The analysis incorrectly fails to take into account that incomes *would* rise (owing the the absence of FICA and income taxes), and therefore prices would be subject to raising as well. Further, the analysis fails to take into account the manner in which businesses pass on expenses incurred from the present system to customers. The removal of the present hodgepodge of laws should allow manufacturers, wholesalers, and retailers to absorb cost cuts in the ultimate price on the product that would, in the very least, partially compensate for the increased cost due to the sales tax.

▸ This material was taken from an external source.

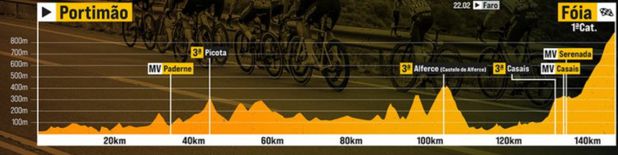 Na quinta-feira, a estrada inclina-se a sério. A Fóia surge como primeiro grande teste para os homens da geral, no final de 147,2 quilómetros com partida em Portimão. Pelo caminho, o pelotão enfrenta a Picota e o Alferce, além de uma contagem de terceira categoria em Casais.

The major criticism in Rothbard's article is that we worry too much about "how we pluck the goose" rather than how much is plucked from the goose. This criticism is answered in a few ways:
First, the easy reduction in government expenditure by the reduction in scope of the IRS.
Second, the hidden costs of the present system are eliminated. These costs include significatly: poor business decisions made for their tax implications, and the cost of compliance (record keeping, accountants, legal fees).
Third, and most "fuzzy", making the total federal government cost visible to the public may make shrinking the size of the federal governement easier politically. This could also be accomplished by stopping income withholding as Rothbard suggersts in the article.
I am not wholly convinced on the "Fair Tax" but for the most part it sounds good to me. My principle hold-out is that it sounds entirely too good to be true
That and the oft mentioned (in this thread) unfeasability of it politically. I noticed on their website that they have not found a single Democrat to sponsor the bill, this is discouraging.